An immediate chorus of whines emanated from Penn State supporters. The most frequent, “It’s worse than the Death Penalty.” Nonsense! Who knows how many little boys this monster violated? Little boys carrying the lifelong “Death Penalty” Sandusky left on their very being. If Penn State’s penalty matched that of the victims of its football culture, there would never be another Penn State football game, not this fall, not ever.  

Tuesday, July 17, 2012


Banks Behaving Badly

“We’re doing what a bank is supposed to do.” That’s JP Morgan Chase CEO Jamie Dimon before a US Senate Committee after a two billion dollar gambling loss that has since grown to nearly six billion and is forecast to hit even higher numbers. Dimon was much harder on himself than were the Senators, or the members of a House Committee in a subsequent hearing. 

No surprise, members of Congress have good reason to be friendly. Dimon has pitched millions into Congressional war chests -more to Republicans, but lots to go around. The committee members understandably tossed softball questions. Dimon was decked out in cuff links with the presidential seal just so everyone would know where he was coming from. 

Unbelievably nobody called him on his, “We’re doing what a bank is supposed to do” line. This from a “Bankster,” as the Economist has labeled the out-of-control leaders of our financial sector. The billions lost on bad bets placed by one of its traders (AKA gamblers) in London are the least of the problems Dimon is facing. 

Chase is ensnared in the evolving Libor scandal that has a group of international banksters fixing interbank lending rates, impacting every loan rate imaginable. 
The incredibly complex Libor rate fixing scheme crosses civil and criminal legal lines. Dimon was fully aware of his bank’s involvement in this racket when he delivered his “What a bank is supposed to do” line; so we must assume that he thinks juggling interest rates worldwide is what banks do. 

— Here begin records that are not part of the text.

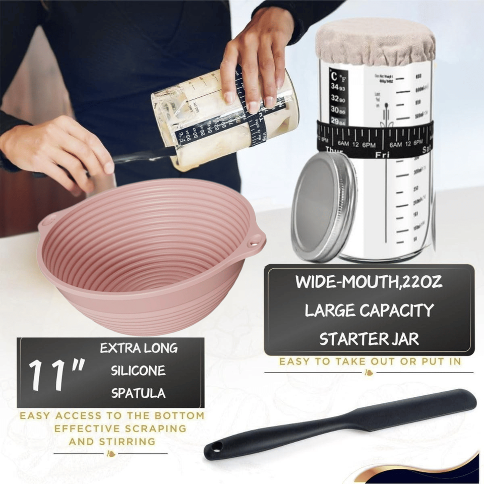 142pcs Sourdough Bread Baking Supplies Fermentation Basket 1 Pack22oz Sourdough Bread Fermentation Jar Complete Set for Bread
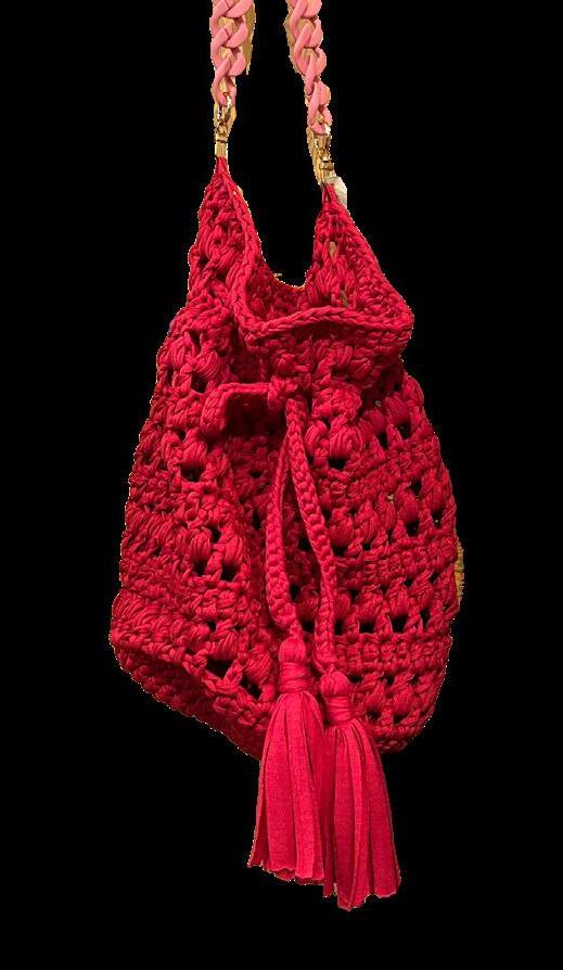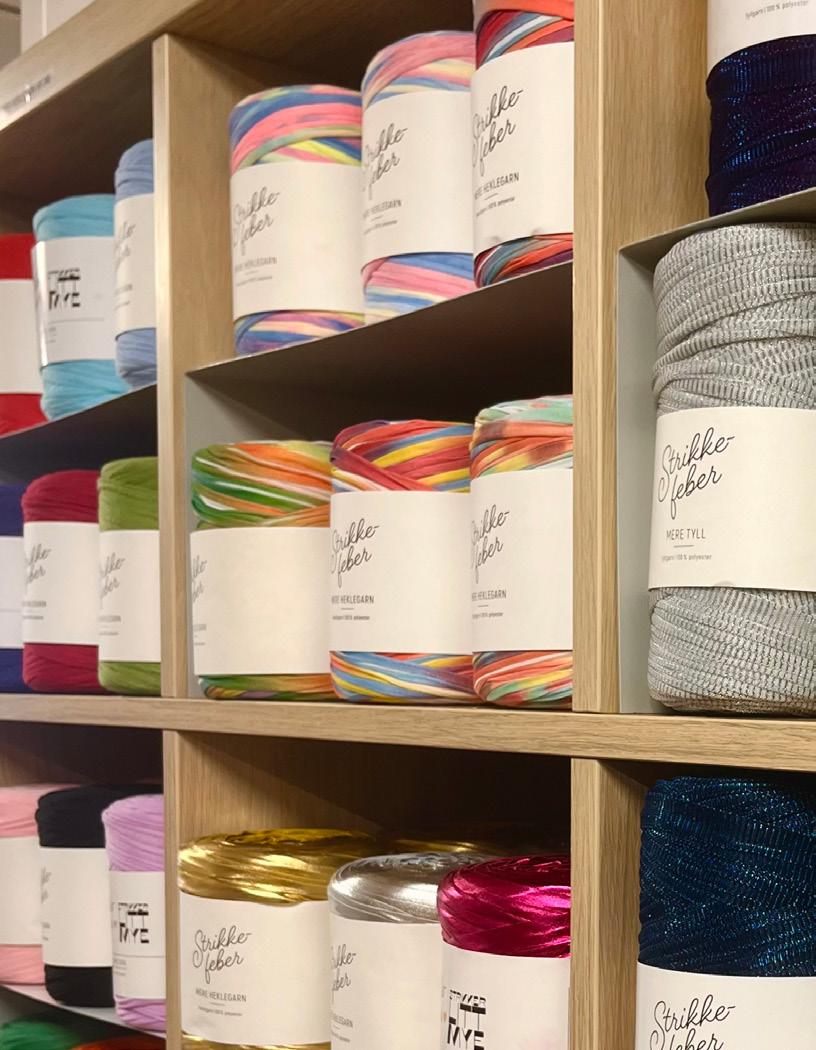 Vårt utvalg av garn, fra basic til full glam, lar deg skape akkurat det uttrykket du ønsker deg. Bruk tykt lisse- eller “T-skjorte”-garn, for et enkelt preg, eller spice det opp med glitrende tyll og paljetter. Enten du går for boho-inspirert strandveske i naturfarger, eller full glitter og glam for et statement piece som virkelig skiller seg ut, har vi materialene og oppskriftene for deg!
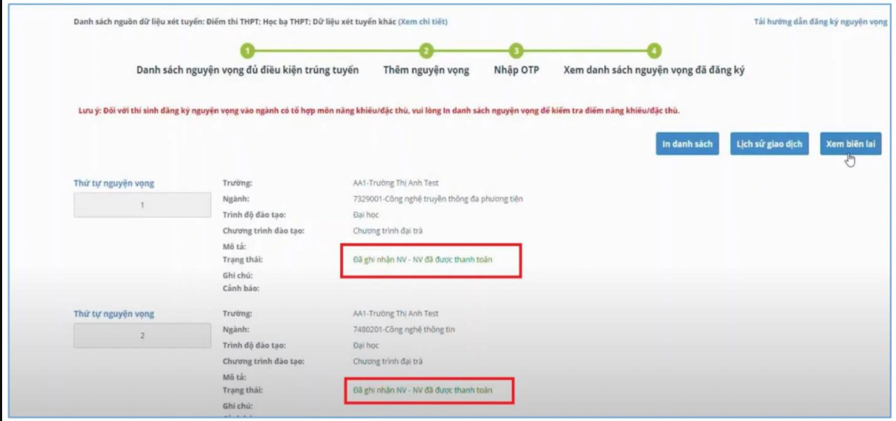 Khi nguyện vọng hiển thị trạng thái Đã ghi nhận NV – NV đã được thanh toán là quy trình đã hoàn thành (nếu trạng thái nguyện vọng chưa được ghi nhận, vui lòng nhấn Ctrl + F5 để Refresh màn hình).
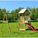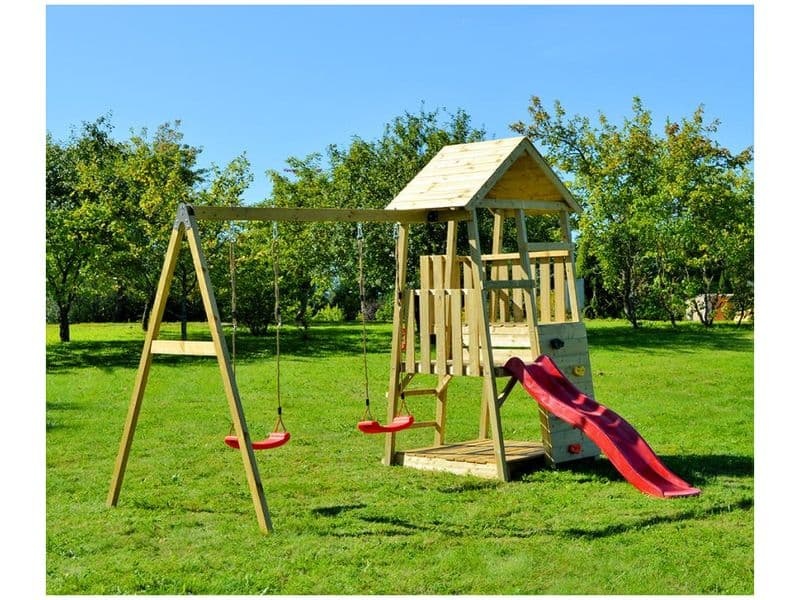 Der Spielturm ist mit einer Rutsche ausgestattet, die sowohl über eine Leiter als auch über eine Kletterwand erreichbar ist. Ihr Kind kann sich im Turm ein geheimes Versteck einrichten oder sich in verschiedene kreative Spiele vertiefen. Außerdem sorgt die Schaukel für zusätzlichen Spielspaß. Unter dem Turm befindet sich ein Sandkasten.
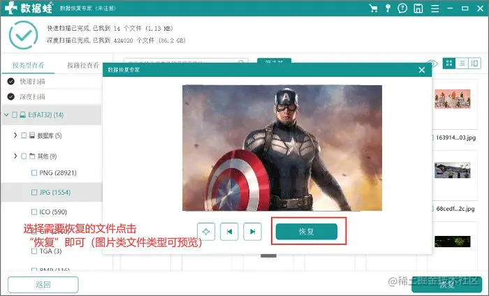 步骤3.扫描完成,隐形的文件都呈现在这里,选择你想要恢复的文件,然后双击预览(图片大部分是可详细预览的),点击“恢复”,选定恢复的位置就OK了!
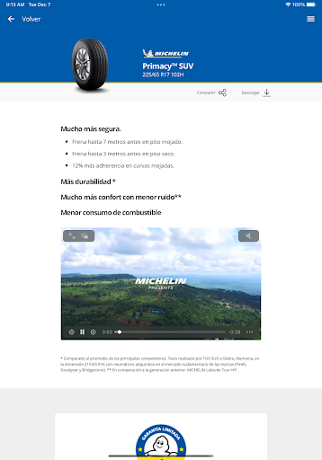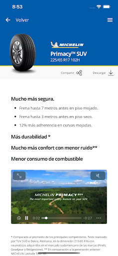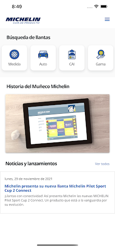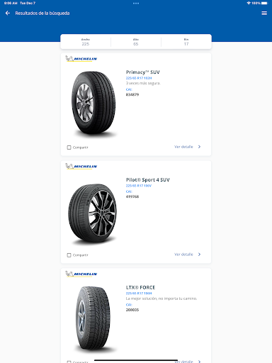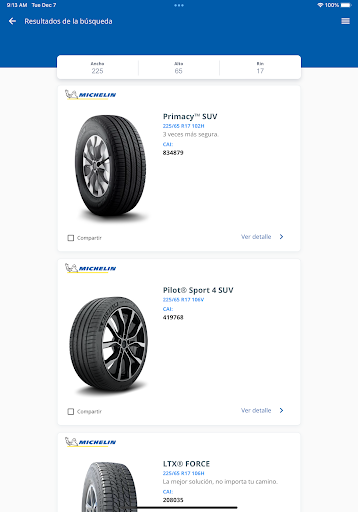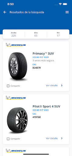 Busca llantas de la marcas Michelin® y BFGoodrich® por medida, modelo del automóvil, gama o código CAI. Consulta y/o comparte la ficha técnica directamente desde la aplicación. La aplicación está actualizada con el último catálogo de llantas del grupo Michelin® en Colombia.
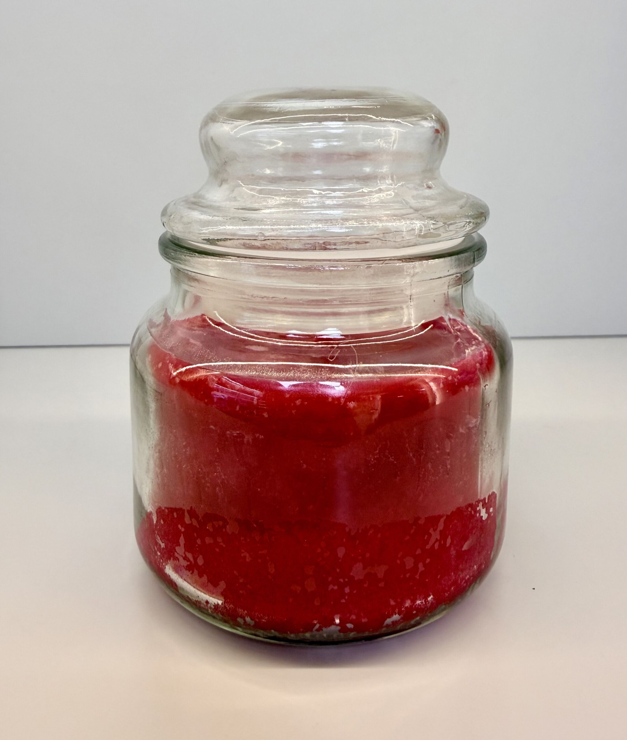 - Una candela in un barattolo di vetro trasparente con coperchio.
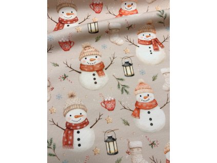 Dodaj svojim handmade kúskom zimnú hravosť a originálny dizajn! Rebrovaný úplet - Snehuliaci v zime je látka s jedinečným ručne maľovaným vzorom, ktorý nájdeš exkluzívne iba v...
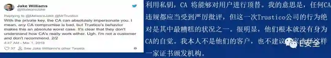 Trustico 公司总经理 Zane Lucas 强调称,“我们认为赛门铁克证书会对我们的帐户产生损害,通过赛门铁克帐户下达的订单可能面临风险以及管理不善问题。我们一直在向赛门铁克方面提出质询,但后者在一年周期内始终示作出回应。赛门铁克公司根本无视我们的担忧,这将直接给未来的安全事故埋下祸根。”
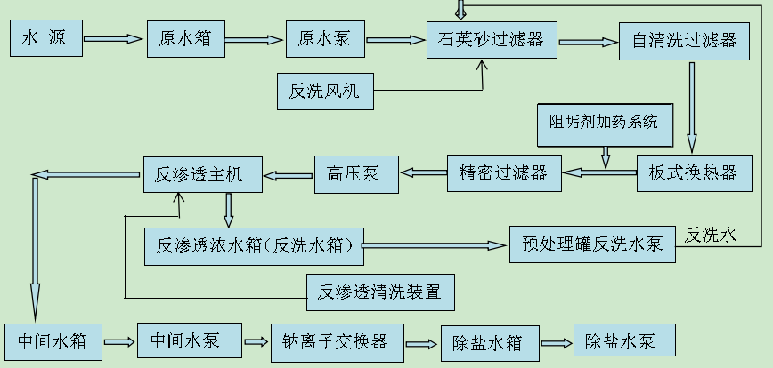 原水池+原水泵+ 多介質過濾+板式換熱器+ +增壓泵+阻垢劑加藥裝置+5µm保安過濾器+高壓泵+反滲透裝置+反滲透水箱+中間水泵+鈉離子交換器+除鹽水箱+除鹽水泵
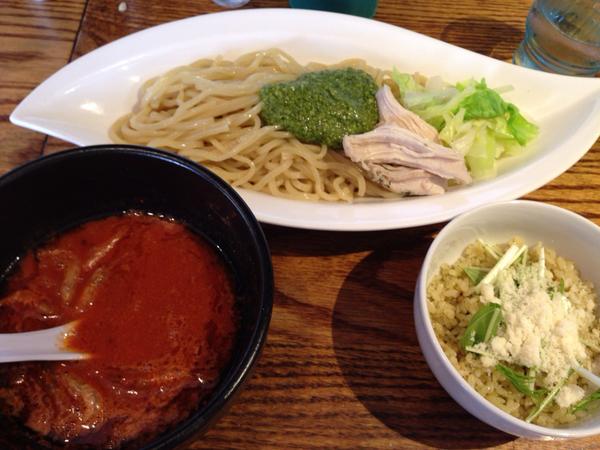 お昼、渋谷のトマトラーメン あかなす家 道玄坂店で海老トマトのつけ麺とジェノバライス。今日閉店らしい。 pic.twitter.com/eLV78q8Wg6 2014-07-27 21:25:00

That isn’t even the worst it. When Dimon was flaunting his control over those we send to Washington to do our business, he was fully aware that Chase had just shelled out a seventy-five million dollar fine for rigging a bid on a three billion dollar sewer bond deal that pushed Birmingham, Alabama into bankruptcy. A deal they cinched with a three million dollar bribe to Goldman Sachs. Chase and a host of other banksters have been rigging municipal bond auctions for decades.

This all came out when the Feds convicted three minor players from GE Capital they nailed rigging bond auctions. The Feds got their hands on recordings of telephone conversations between banksters making highly illegal deals to pass municipal bond business around among the banks. In addition to the bankster types from GE who are going to jail, scores of others from virtually every major bank in America and many international banks as well have taken a plea deal. 

Let’s be clear about what’s going on here. 

Between the Libor racket and the municipal bond rigging scam- the banksters have ripped off everyone in America to the tune of untold billions. JP Morgan Chase is not alone in these Mafia style rackets, but if that’s what Jamie Dimon thinks “banks do” then he has a different ethical standard than most of us hold.